▸ **Extracted entries**
*** Block opens ***

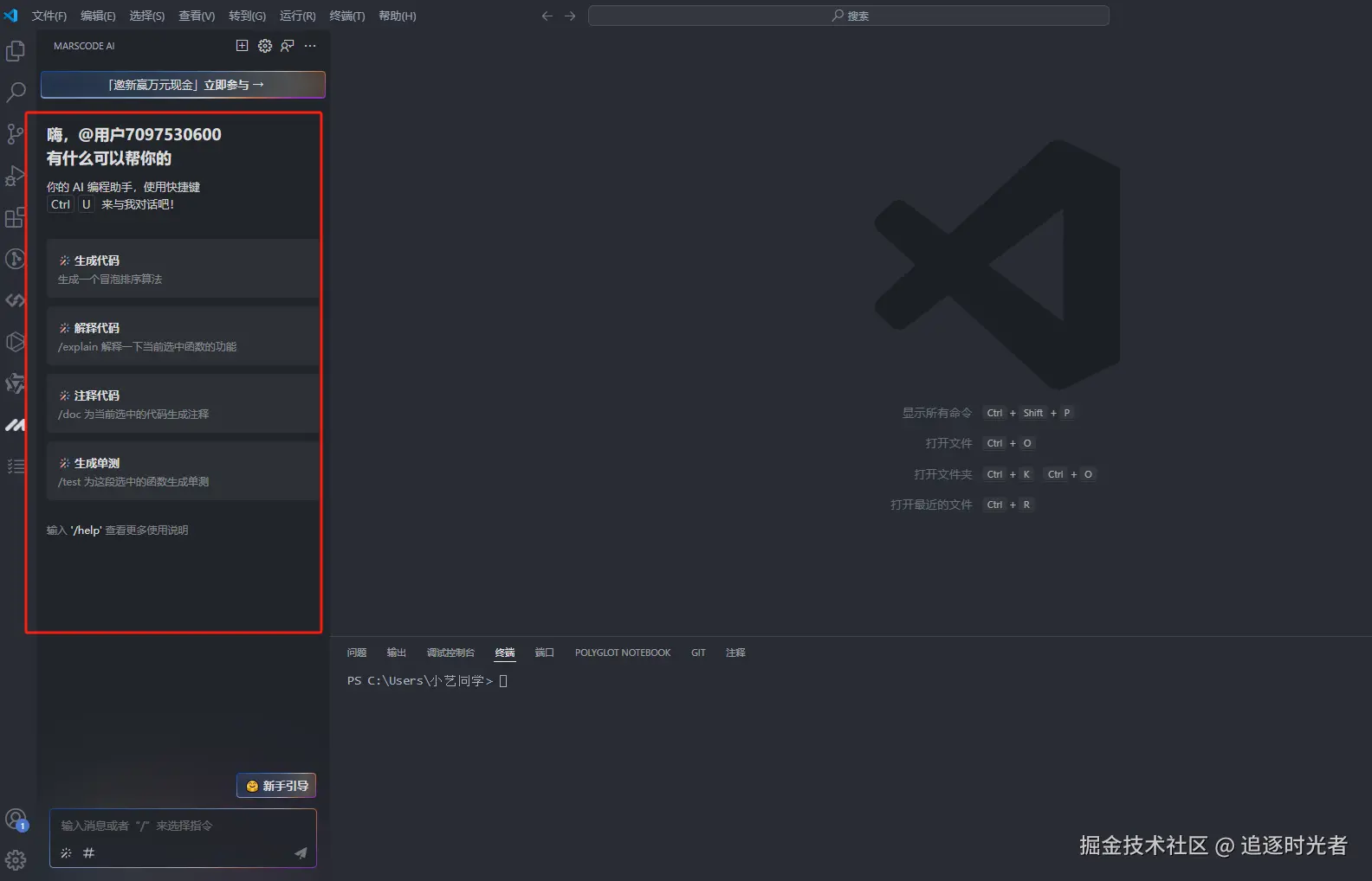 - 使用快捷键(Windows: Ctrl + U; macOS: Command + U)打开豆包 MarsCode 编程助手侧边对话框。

*** Block closes ***
*** Block opens ***

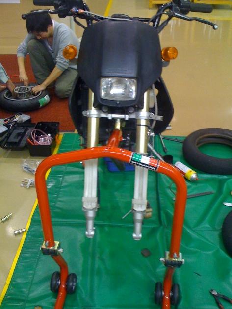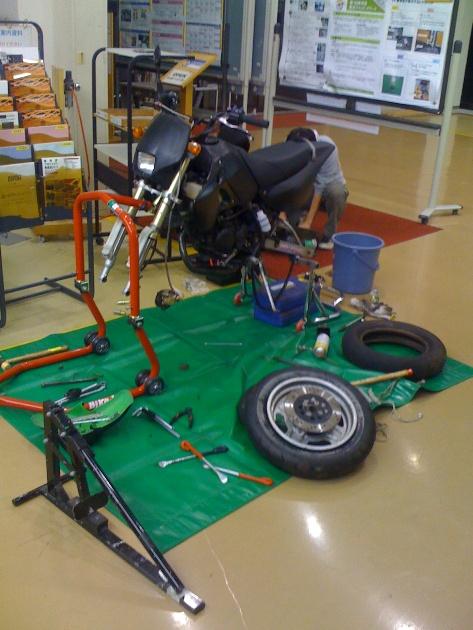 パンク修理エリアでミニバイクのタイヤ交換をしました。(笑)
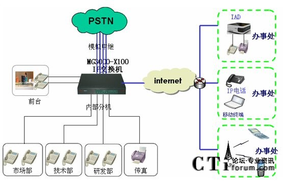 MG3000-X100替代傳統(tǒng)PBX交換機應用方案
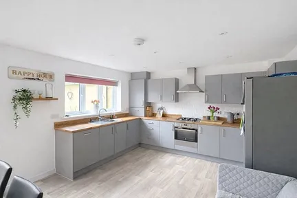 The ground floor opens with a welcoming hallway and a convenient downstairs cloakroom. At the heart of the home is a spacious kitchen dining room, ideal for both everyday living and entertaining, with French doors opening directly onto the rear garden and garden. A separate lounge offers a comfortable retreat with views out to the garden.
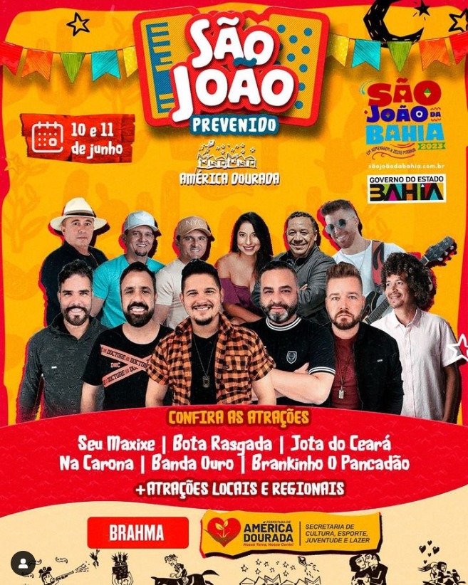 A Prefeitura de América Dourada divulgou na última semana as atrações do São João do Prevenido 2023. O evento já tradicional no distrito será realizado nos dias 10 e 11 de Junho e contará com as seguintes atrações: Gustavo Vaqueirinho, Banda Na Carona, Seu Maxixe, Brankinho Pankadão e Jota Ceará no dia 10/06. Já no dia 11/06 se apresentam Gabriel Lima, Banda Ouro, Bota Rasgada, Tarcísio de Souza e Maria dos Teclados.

*** Block closes ***

▸ **Task to complete**
Could you output exactly the lines above, from the line with "The ground floor" up to and including the line with "A Prefeitura de", and nothing else, skipping the pictures?

▸ **Finished task**
 The ground floor opens with a welcoming hallway and a convenient downstairs cloakroom. At the heart of the home is a spacious kitchen dining room, ideal for both everyday living and entertaining, with French doors opening directly onto the rear garden and garden. A separate lounge offers a comfortable retreat with views out to the garden.
 A Prefeitura de América Dourada divulgou na última semana as atrações do São João do Prevenido 2023. O evento já tradicional no distrito será realizado nos dias 10 e 11 de Junho e contará com as seguintes atrações: Gustavo Vaqueirinho, Banda Na Carona, Seu Maxixe, Brankinho Pankadão e Jota Ceará no dia 10/06. Já no dia 11/06 se apresentam Gabriel Lima, Banda Ouro, Bota Rasgada, Tarcísio de Souza e Maria dos Teclados.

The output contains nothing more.